Но, как ни тяни, пришла пора прощаться. Евдокия Андреевна собирала Дениса Ивановича в дорогу так, как собирают бабы своих мужей на войну: тяжело, молча, хлопотливо, бесслезно. В жар кинет: убьют, убьют, не вернется! Холод замкнет сердце заранее терпением и надеждой: не убьют, не убьют, не хочу!
Собрала. Присели на дорожку.
– Ну… – сказал Денис Иванович.
– До свидания, – буднично сказала Евдокия Андреевна, посматривая как бы невольно вокруг себя с нетерпением хозяйки, которой хочется поскорей выпроводить постояльца да навести в доме прежний порядок.
Денис Иванович поднялся.
– Уедешь – повешусь, – хрипло сказала Евдокия Андреевна.
Денис Иванович сел.
– Дурак, – сказала Евдокия Андреевна. – Дурак или глупый: кто ж бабам верит? Если б из-за мужиков вешались, ни одной бабы не осталось бы. Езжай спокойно.
Денис Иванович поднялся.
– Езжай, а я повешусь, – тихо, почти неслышно произнесла Евдокия Андреевна.
Денис Иванович сел.
– Уходи, дубина непонятливая! – закричала Евдокия Андреевна. – Ничего в жизни не понимаешь! Я на испуг тебя беру, использую характер твой! Шантаж называется, видел кино? – когда пугают сделать, а не делают! Пугаю тебя, чтобы ты остался, а ты не верь, уезжай, ничего я с собой не сделаю!
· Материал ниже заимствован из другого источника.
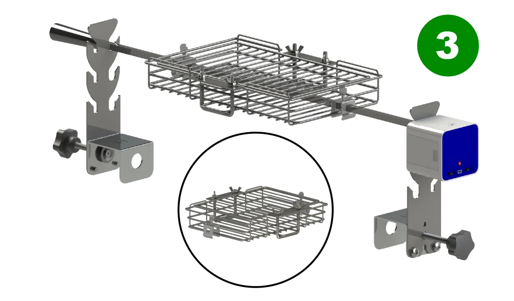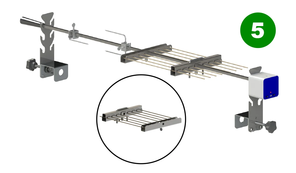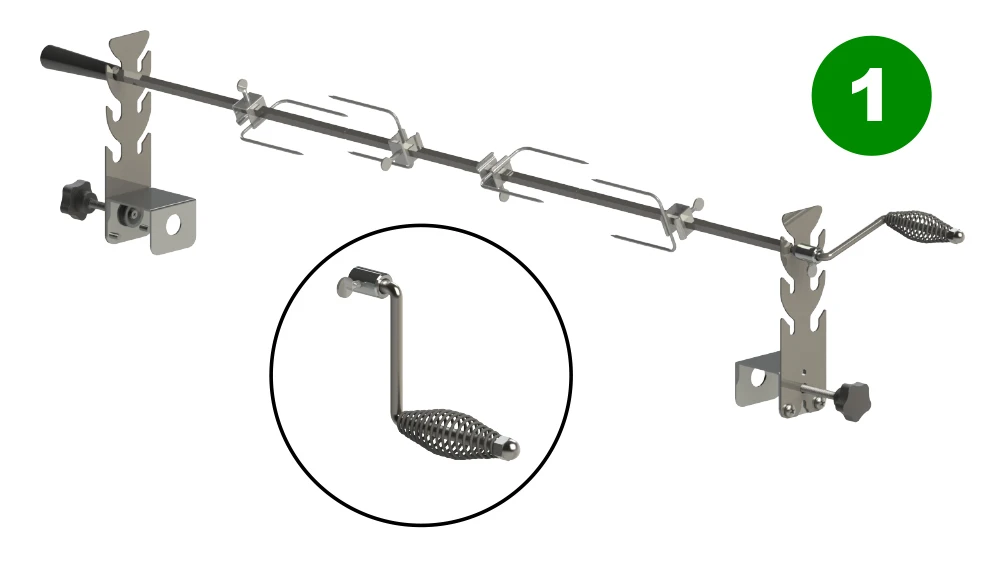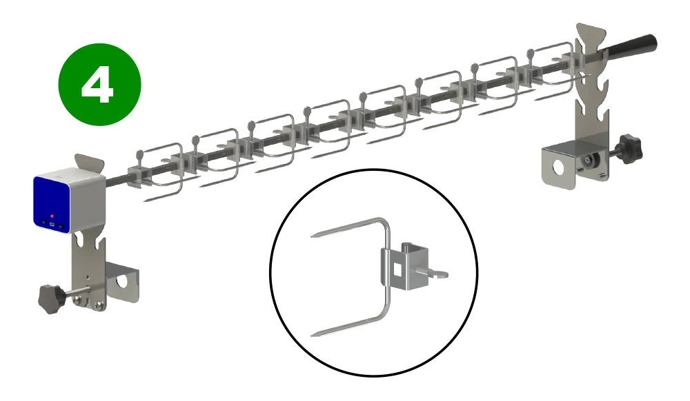 The forks through the rod, screw the thumb screws to the forks. After loading the food, adjust it to the proper position and tighten the thumb screws.

– Правда? – спросил Денис Иванович.
– Ой, да правда, правда, проваливай ты!
Но Денис Иванович не поверил, остался. Сказал, что торопиться, мол, некуда. Замучила городская суета, почему не отдохнуть, если есть возможность?
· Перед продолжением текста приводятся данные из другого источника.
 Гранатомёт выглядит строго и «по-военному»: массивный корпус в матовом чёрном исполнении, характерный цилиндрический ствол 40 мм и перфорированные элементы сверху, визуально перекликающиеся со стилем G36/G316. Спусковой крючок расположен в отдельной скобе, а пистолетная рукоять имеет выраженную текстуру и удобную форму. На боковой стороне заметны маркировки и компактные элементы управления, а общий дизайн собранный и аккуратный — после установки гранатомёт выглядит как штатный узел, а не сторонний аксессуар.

И ласкал Евдокию Андреевну, ласкал и от души, и для того, чтобы бросила она свои мысли и хотела бы жить. Но чем ласковей были его ласки, тем меньше хотела жить Евдокия Андреевна – без него. И однажды утром сказала:
– Или ты сегодня уедешь – или не уедешь отсюда никогда.
Денис Иванович посмотрел в ее юные зеленые глаза и вспомнил недавний свой сон: будто стоит над ним Евдокия, обнаженная и прекрасная, и наставляет на него вилы, целясь в шею, волосы густые растрепаны, рот перекошен страданьем, Денис Иванович – во сне – говорит: что ты, чуднґая какая, разве этими вилами можно? – ты ими и в навоз тычешь, и в прочую пакость, заражение крови будет! Ничего не будет, безнадежно и страшно ответила Евдокия. Денис Иванович испугался, услышал собственный стон и проснулся: Евдокия Андреевна склонилась над ним, спрашивая тревожно: что такое? что такое? а потом обхватила его голову, будто детскую, стала качать и приговаривать: нет, миленький, нет, нет, нет, – непонятно, к чему относилось это «нет», которое и матери своим детям говорят, отгоняя их ночные страхи: нет, нет, нет!
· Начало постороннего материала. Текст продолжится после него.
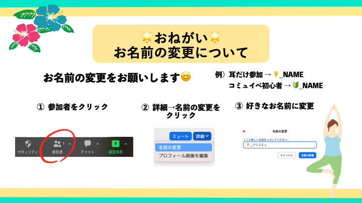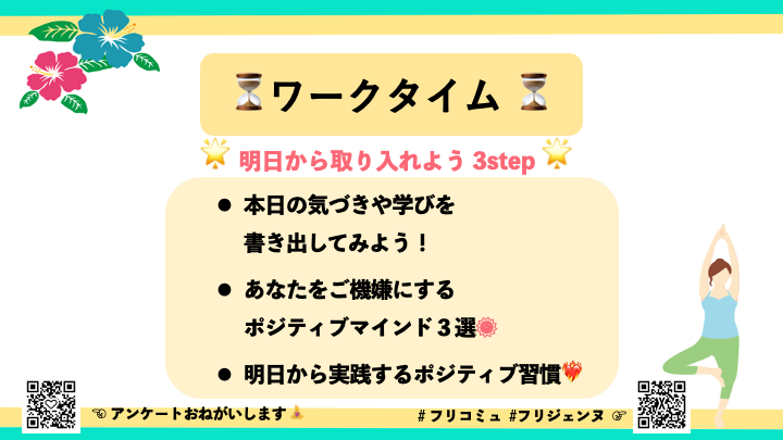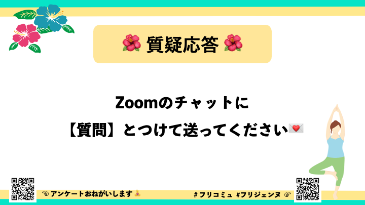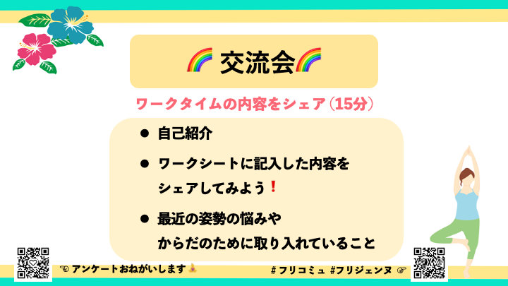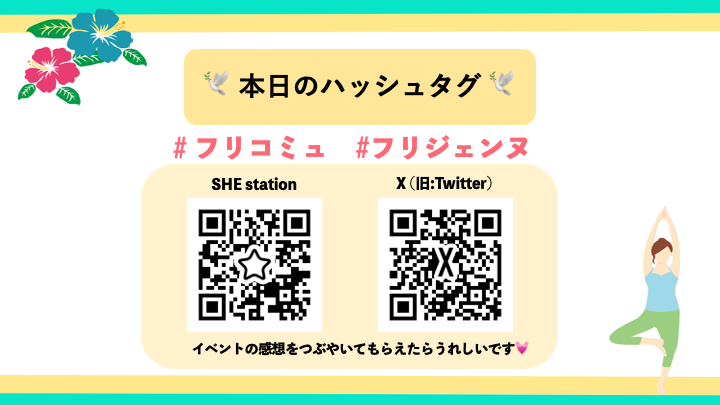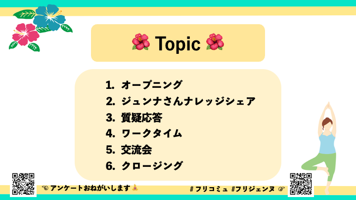 イベント登壇者が沖縄好きのヨガインストラクターの方でしたので、その方をイメージしてスライドをデザインしました。また、zoom開催するにあたってPC上でもみやすい文字を心がけました。 使用ツール:PowerPoint

Денис Иванович уехал и больше никогда там не появлялся. Он не встречи боялся с ней, он боялся узнать то, о чем боялся узнать.
Гастроли же продолжал.
Тут и возник как раз Дима Гульченко, взялся сопровождать его – и оказался неожиданным препятствием, сказав Денису Ивановичу уважительно, но сурово, что тот не имеет права унижать себя халтурой, тратить время на бесполезное, хоть и благородное дело. Надо беречь себя.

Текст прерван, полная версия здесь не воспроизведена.